While the Dorman opinion cites Munro v. University of Southern California, No. 17-55550 (9th Cir., Jul. 24, 2018), multiple times throughout as complimentary, the outcome in Munro was, notably, the opposite of that within Dorman – the Ninth Circuit held that the Plaintiffs, who had been required to sign arbitration agreements as part of their employment contracts, were asserting claims squarely on behalf of their plans and, accordingly, arbitration clauses executed on behalf of the individuals themselves, pursuant to employment contracts, would not compel arbitration of claims clearly brought on behalf of the plans.

Under the Munro court’s holding, employees

seek[ing] financial and equitable remedies to benefit the Plans and all affected participants… including a determination as to the method of calculating losses, removal of breaching fiduciaries, a full accounting of Plan losses, reformation of the Plans, and an order regarding appropriate future investments” are clearly “bringing their claims to benefit their respective Plans across the board, not just to benefit their own accounts as in LaRue.

Munro slip op. at 12-13. The Dorman court was arguably facing a distinguishable analysis on two separate fronts – while the obvious difference is the fact the plans at issue in Dorman contained the relevant arbitration agreement (rather than individual employment agreements, as in Munro), the scope and direction of the separate plaintiffs’ claims would also seem to be critically different.  The Dorman plaintiff was seeking relief which could, conceptually at least, be segregated into an individual claim – ultimately, the recovery of losses sustained on his individual retirement account(s) owing to alleged fiduciary breach, versus the clear plan-wide relief sought in Munro.

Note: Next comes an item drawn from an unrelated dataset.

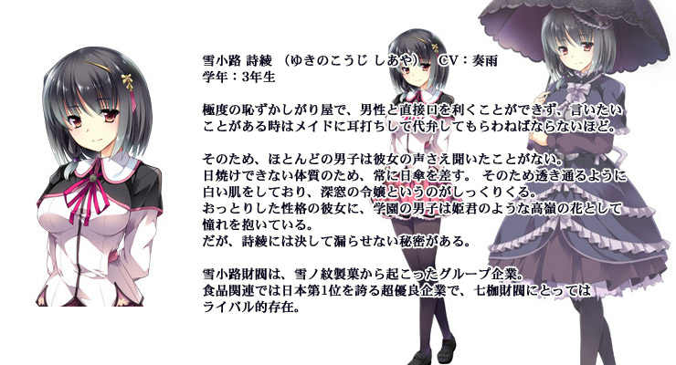 極めつけは、七枷財閥のライバル企業である雪小路財閥のお嬢様・雪小路詩綾 (ゆきのこうじ しあや)。 おとなしげな深窓の令嬢が、俺の手を握りいきなり、愛の告白を?

But take for instance a hybrid-hypothetical, somewhere between both Dorman and Munro – a class of plaintiffs seeking to litigate claims clearly brought on behalf of their plan (removal of breaching fiduciaries and reformation) yet faced with an arbitration provision contained within the relevant plan itself and barring class-wide or collective arbitration.  Consistent with the Munro holding, an ERISA plaintiff seeking judicial remedy which exists for the benefit of a plan may not alone settle a claim.  Id. at 11.  If arbitration was compelled, would a plan-appointed representative step-in or is that not the position already occupied by a plaintiff bringing a derivative action? Would a split of the individual claims and the ‘clear’ plan relief-related claims be compelled, resulting in the possibility of two distinct resolutions on fact?

The Dorman court also addressed, in a separate memorandum, the effectiveness of an arbitration provision in barring class-wide arbitration of 502(a)(2) claims brought by a plaintiff.  However those claims are, as articulated in the memorandum, and under LaRue v. DeWolff, Boberg & Assocs., Inc., 552 U.S. 248 (2008), “inherently individualized when brought in the context of a defined contribution plan….”  Dorman, et al. v. The Charles Schwab Corporation, et al., No. 17-cv-00285, ECF No. 53, at 5-6 (Aug. 20, 2019).